3. Diagnostic Workflow (4 Steps)

3.1 Step 1: Locate Blocked Sessions

-- Find all blocked lock requests
SELECT
 pg_locks.pid,
 pg_class.relname AS table_name,
 pg_locks.mode,
 pg_locks.granted,
 pg_stat_activity.query,
 pg_stat_activity.state
FROM pg_locks
LEFT JOIN pg_class ON pg_locks.relation = pg_class.oid
LEFT JOIN pg_stat_activity ON pg_locks.pid = pg_stat_activity.pid
WHERE pg_locks.granted = false;

Also check for stranded two-phase transactions:

SELECT gxid, status, start_time
FROM pg_distributed_transactions
WHERE status = 'prepared';

3.2 Step 2: Analyze the Lock Wait Chain

WITH lock_chain AS (
 SELECT
 pg_locks.pid AS wait_pid,
 pg_locks.relation,
 pg_locks.mode AS wait_mode,
 pg_stat_activity.query AS wait_query,
 (SELECT pid FROM pg_locks l2 WHERE l2.relation = pg_locks.relation AND l2.granted = true AND l2.mode = 'ExclusiveLock') AS hold_pid
 FROM pg_locks
 LEFT JOIN pg_stat_activity ON pg_locks.pid = pg_stat_activity.pid
 WHERE pg_locks.granted = false
)
SELECT
 wait_pid AS blocked_pid,
 pg_class.relname AS table_name,
 wait_mode,
 wait_query,
 hold_pid AS holding_pid,
 (SELECT query FROM pg_stat_activity WHERE pid = hold_pid) AS holding_query
FROM lock_chain
LEFT JOIN pg_class ON lock_chain.relation = pg_class.oid;

3.3 Step 3: Distinguish Local vs.
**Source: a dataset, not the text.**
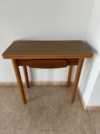 Plegable con cajón, cerrada mide 40 × 85 y abierta 80 × 85.
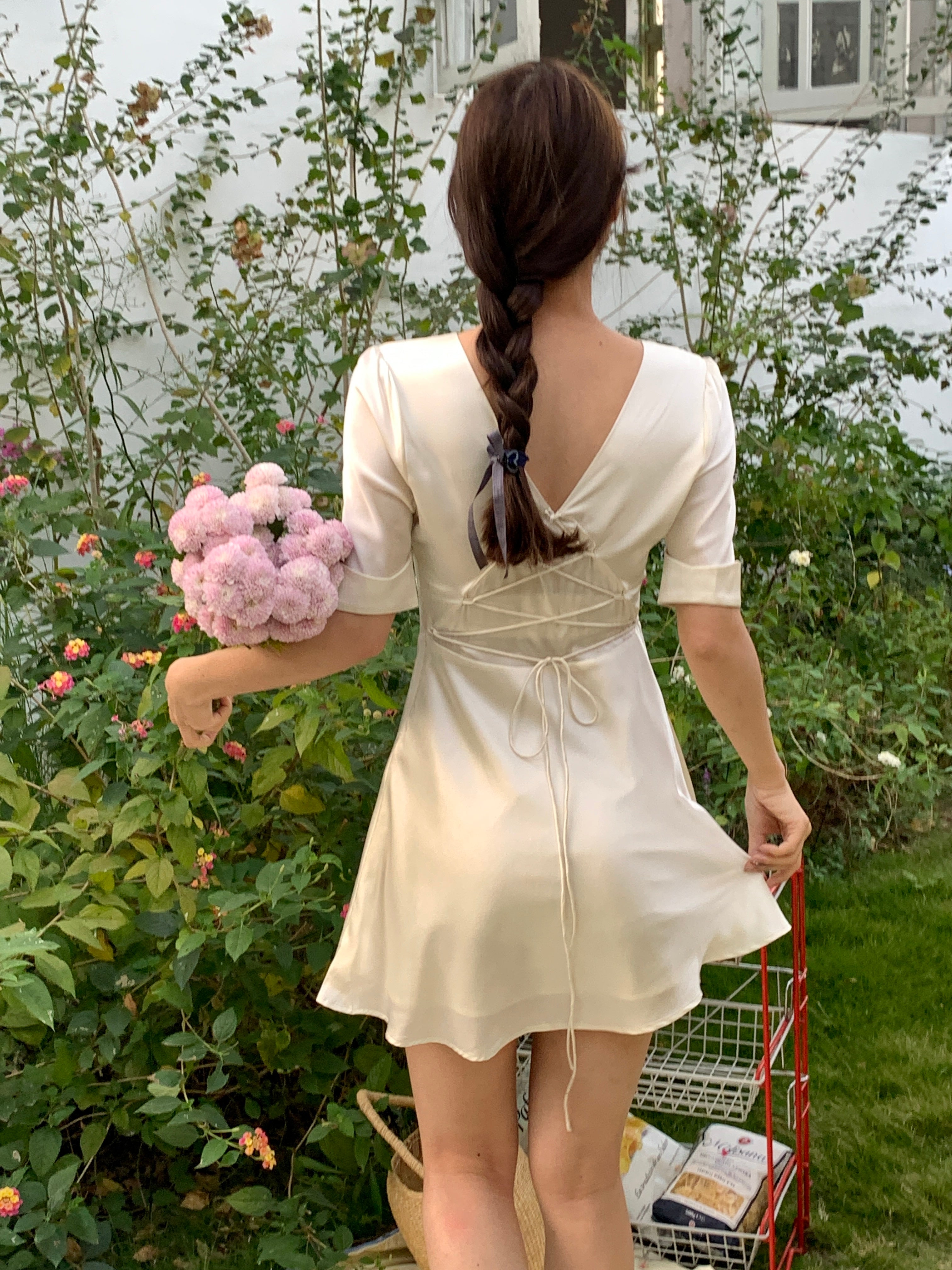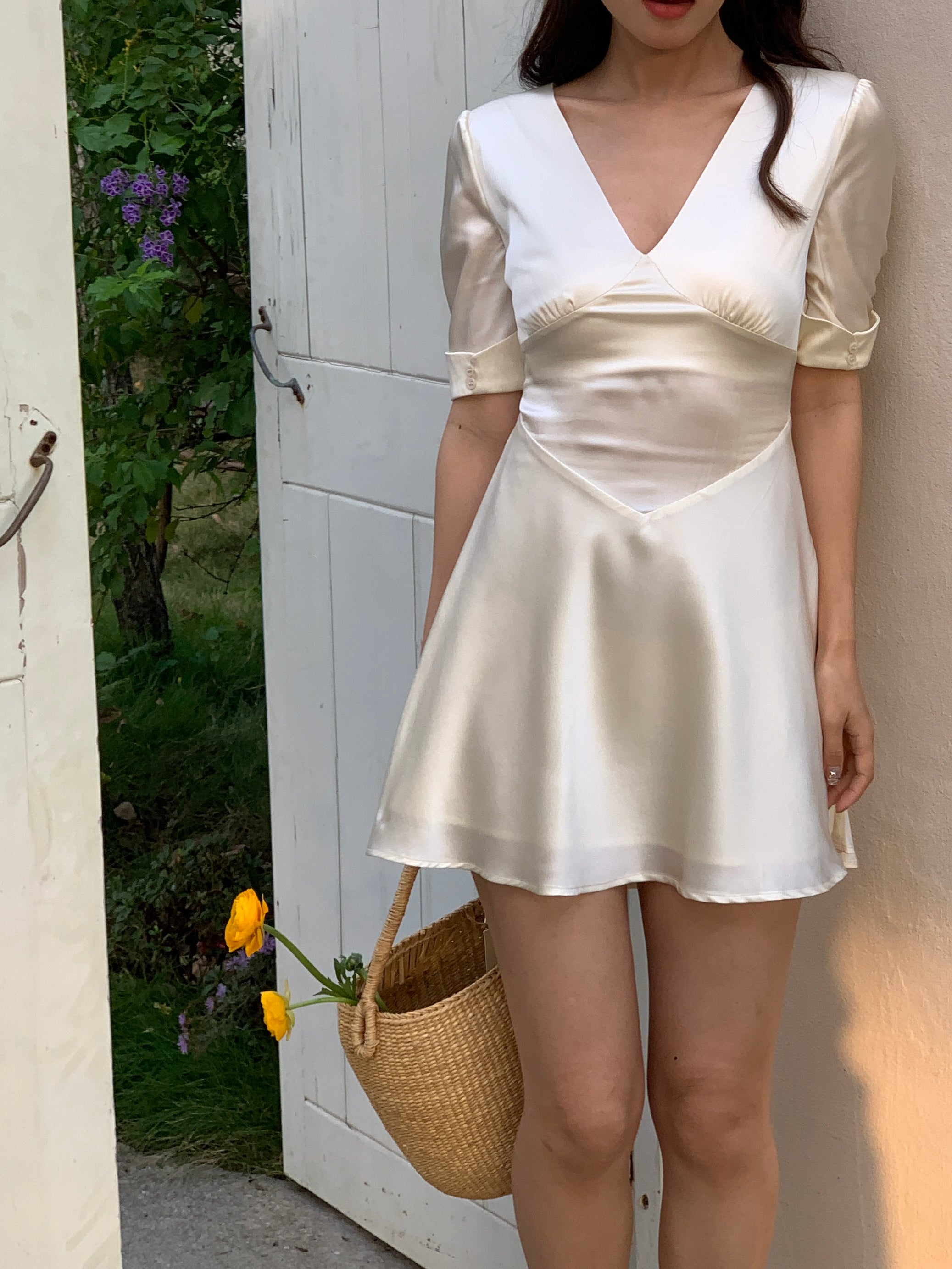 Made from a luxurious champagne silk with light stretch, this is the perfect mini.

Global Deadlock

  • Local: Check node logs grep -i "deadlock" /opt/gbase/data/log/postgresql-*.log.
  • Global: Check all CN/DN logs, and query pg_distributed_transactions for prepared transactions.

3.4 Step 4: Verify Root Cause

  • Use EXPLAIN ANALYZE to check index usage.
  • Identify transactions running longer than 5 minutes.
  • Test node connectivity with ping and telnet.

4. Solutions

4.1 Optimise Transaction Design

  • Break long transactions; avoid external API calls inside transactions.
  • Enforce consistent object order across all transactions (e.g., always update user before order).

4.2 Refine SQL and Indexes

-- Add index to prevent full-table scan
CREATE INDEX idx_user_phone ON user(phone);
-- Schedule DDL off-peak, check lock status beforehand

4.3 Clean Up Stuck Prepared Transactions

SELECT pg_terminate_backend(gxid)
FROM pg_distributed_transactions
WHERE status = 'prepared' AND start_time < now() - INTERVAL '1 hour';

4.4 Tune Cluster Parameters

ALTER SYSTEM SET lock_wait_timeout = '10s';
ALTER SYSTEM SET thread_pool_attr = '512, 1, (cpubind:0-3)';
ALTER SYSTEM SET thread_pool_stream_attr = '512, 0.2, 1, (cpubind:0-3)';
-- Apply with SELECT pg_reload_conf(); or restart if necessary.

4.5 Ensure Stable Node Communication

Enable heartbeat checks and adjust inter‑node timeout settings.

5. Real‑World Case Study

Symptom: During peak hours, many queries failed with lock wait timeout, and multiple backend threads hung in waiting state.

Diagnosis: Global lock query revealed two UPDATE transactions in a circular wait — PID 1234 held an X lock on user and waited for order, while PID 5678 held an X lock on order and waited for user. Two prepared transactions also existed.

Resolution:

  1. Manually terminated the stuck prepared transactions.
  2. Standardised transaction order across all applications (user → order).
  3. Adjusted lock_wait_timeout to 10s and optimised thread pool settings.
  4. Repaired network latency and enabled node heartbeat detection.

Result: Lock blocks cleared, API response times returned to normal, and no new deadlocks occurred.

6. Common Pitfalls and Best Practices

  • Never blindly kill sessions; first identify the lock holder.
  • Regularly clean up long‑running prepared transactions.
  • Global deadlocks often need manual intervention.
  • Execute DDL only during maintenance windows.
  • Periodically verify index effectiveness and query plans.
  • Tune lock and thread pool parameters based on actual cluster load.

Effective lock troubleshooting in a gbase database demands a systematic approach — pinpoint the root cause, apply targeted fixes, and establish continuous monitoring to prevent recurrence. Use this guide to keep your GBASE clusters stable and responsive.